Records from a collection
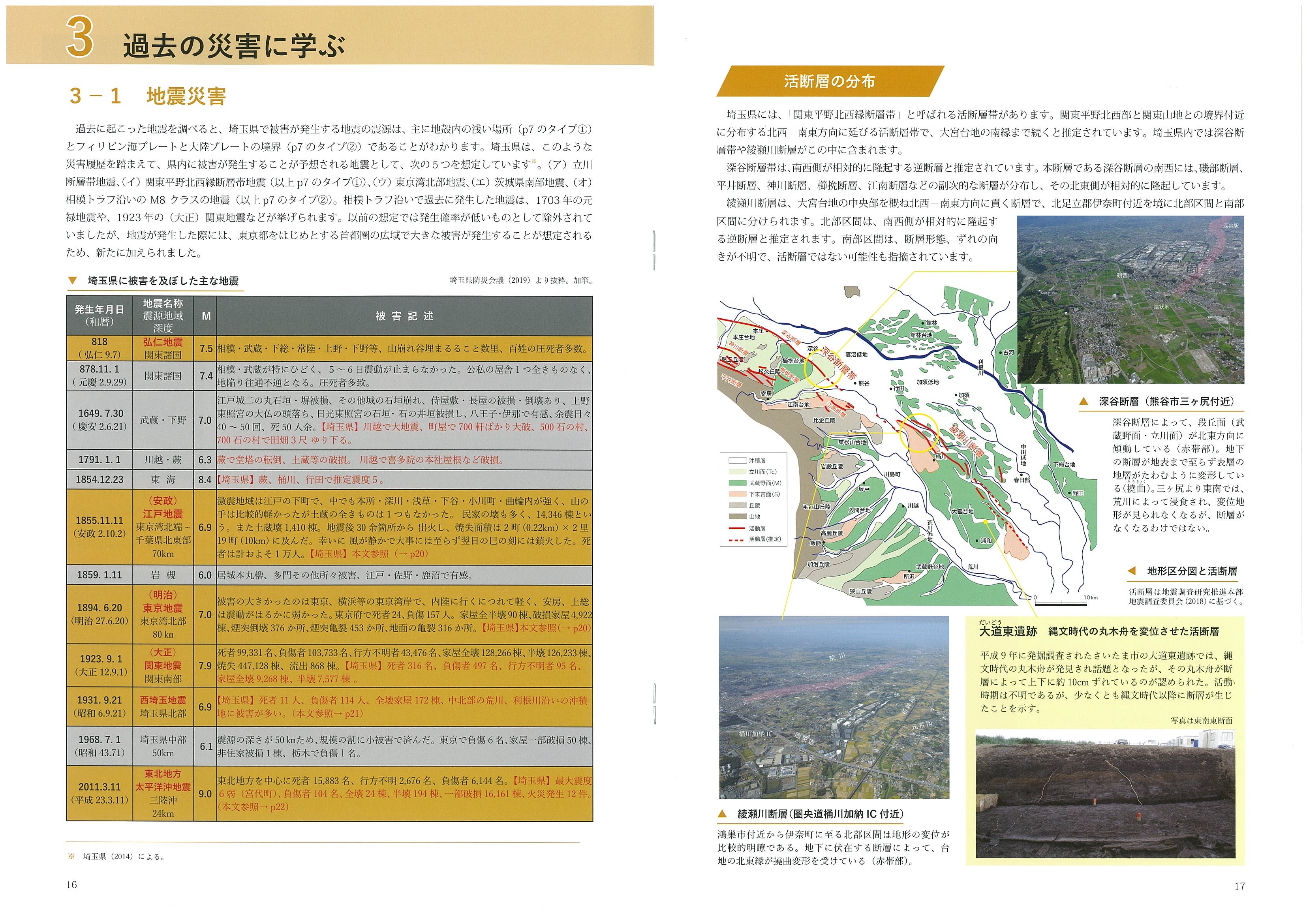 活断層の分布/平野の地形と液状化現象/弘仁関東地震/
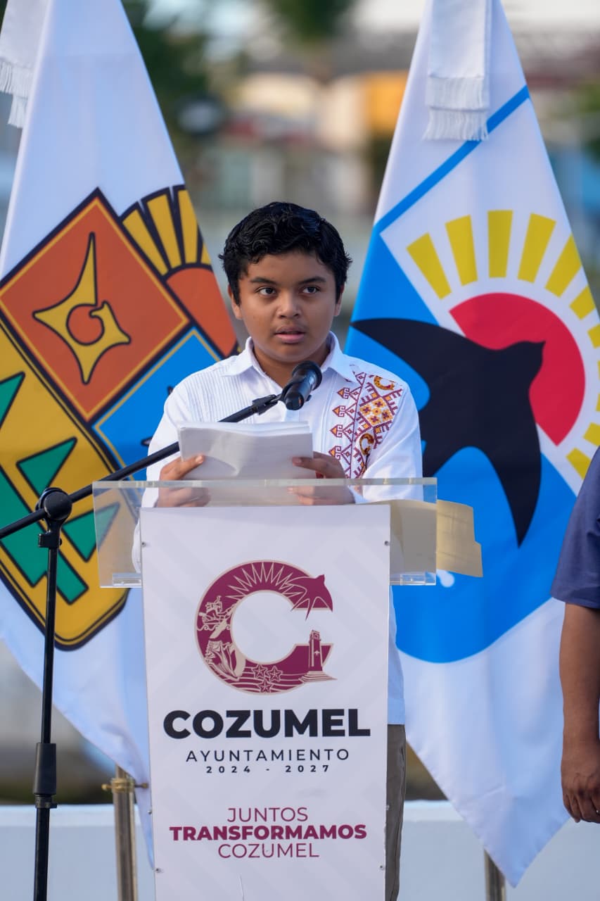 De manera especial, celebró la participación del Cabildo Estudiantil 2025, al señalar que su presencia simboliza la esperanza, la participación cívica y el interés de las juventudes por involucrarse activamente en la vida democrática del municipio, representando el presente consciente y el futuro de Cozumel.
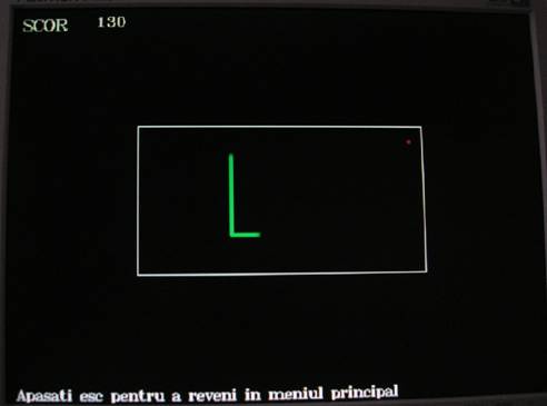 Scorul este afisat in coltul din dreapta de sus si este actualizat de fiecare data cand sarpele ajunge la mancare. Deasupra marginii de jos apare mesajul care informeaza utilizatorul despre tasta de iesire din joc.
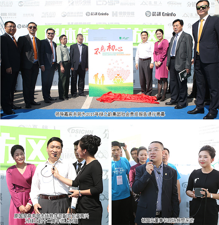 风雨漫漫成长路,岁月悠悠荣耀情。历经十二载,安博官网在发展实业的同时,积极承担社会责任,产业富民,回馈社会。活动现场,原国家商务部市场秩序司副司长温再兴、原吉林省长春市工商行政管理局副局长许长军、中国市场学会直销专家委员会专家欧阳文章与安博官网董事长胡国安、董事常务副总裁劳嘉携集团高管、安博官网全球战略委易园翔、李继前,安博官网全球策略为委员会副理事长彭名共同为2015年安博官网社会责任报告进行揭幕仪式。万涓成水、汇爱成海,领导、嘉宾、胡国安董事长、劳嘉副总裁、集团高管们带领所有在场的绿之韵家人巡展至公益慈善展区,投身大爱,扫码关注绿之韵公益基金会,参与“码上做公益”活动,赢得了现场阵阵掌声。
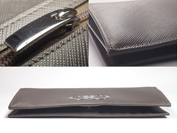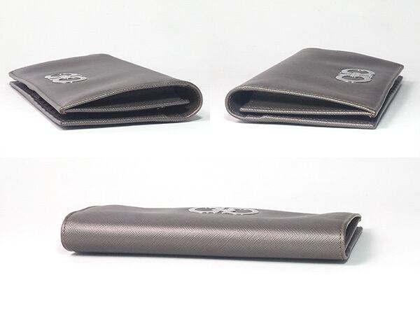 備考:クールなグレーレザーにアイコニックなダブル・ガンチーニの金具が印象的な、フェラガモの2つ折り長財布です。金具に僅かなスレがあり、若干の型崩れが見られますが、通常使用時に大きく目立つような傷は無く、全体的に良い状態のお品です。
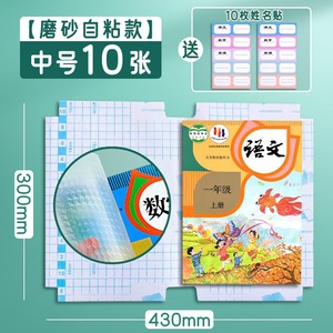 粘着ブックカバー - 中サイズ 16K (厚手素材 10 枚)、内側に名前シール付き
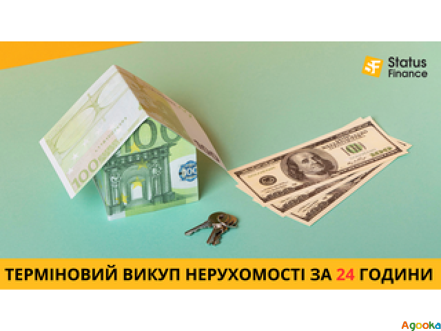 Викуп квартири в Києві терміново. Терміново продати нерухомість у Києві. Викуп проблемної нерухомості в Києві. Викуп комерційної нерухомості в Києві. Терміново продати квартиру в Києві.Фінансова компанія "Status Finance" пропонує послуги термінового викупу нерухомості в Києві та Київській області (до 40 км від столиці). Викуповуємо нерухомість власними коштами. Працюємо з будь-яким типом нерухомості: викуповуємо квартири, будинки, комерційні приміщення. Також можливий викуп проблемної нерухомості (заборгованості з оплати комунальних послуг, арешти та обтяження, потребує ремонту).
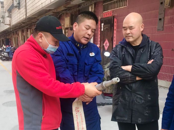 本次培訓演練市場特別邀請了商業城專職消防隊兩名消防員作為主講。培訓開始后,消防員結合商戶日常經營活動,詳細講解了滅火器使用方法、注意事項,以及火災危害、預防措施、初期火災撲救方法和火場疏散逃生基本要領,并進行了動作示范。除此之外還進行了消火栓連接水帶出水的實操演練。
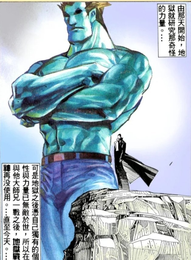 地狱本想同父兄一起对抗蓝道天武,但战神深知地狱天赋不下于自己,加上远超自己无上智慧,地狱才是天国的希望,将地狱击晕,留下自己的军牌还有达摩经,让自己的手下日蚀、月缺好好教导地狱?后,元志、元战掩护着地狱逃离。

**Your instructions:** Output the records above as they stand, from the first line to the line with "风雨漫漫成长路,岁月悠悠荣耀", inclusive, and exclude the pictures.

**Solved exercise:**
 活断層の分布/平野の地形と液状化現象/弘仁関東地震/
 De manera especial, celebró la participación del Cabildo Estudiantil 2025, al señalar que su presencia simboliza la esperanza, la participación cívica y el interés de las juventudes por involucrarse activamente en la vida democrática del municipio, representando el presente consciente y el futuro de Cozumel.
 Scorul este afisat in coltul din dreapta de sus si este actualizat de fiecare data cand sarpele ajunge la mancare. Deasupra marginii de jos apare mesajul care informeaza utilizatorul despre tasta de iesire din joc.
 风雨漫漫成长路,岁月悠悠荣耀情。历经十二载,安博官网在发展实业的同时,积极承担社会责任,产业富民,回馈社会。活动现场,原国家商务部市场秩序司副司长温再兴、原吉林省长春市工商行政管理局副局长许长军、中国市场学会直销专家委员会专家欧阳文章与安博官网董事长胡国安、董事常务副总裁劳嘉携集团高管、安博官网全球战略委易园翔、李继前,安博官网全球策略为委员会副理事长彭名共同为2015年安博官网社会责任报告进行揭幕仪式。万涓成水、汇爱成海,领导、嘉宾、胡国安董事长、劳嘉副总裁、集团高管们带领所有在场的绿之韵家人巡展至公益慈善展区,投身大爱,扫码关注绿之韵公益基金会,参与“码上做公益”活动,赢得了现场阵阵掌声。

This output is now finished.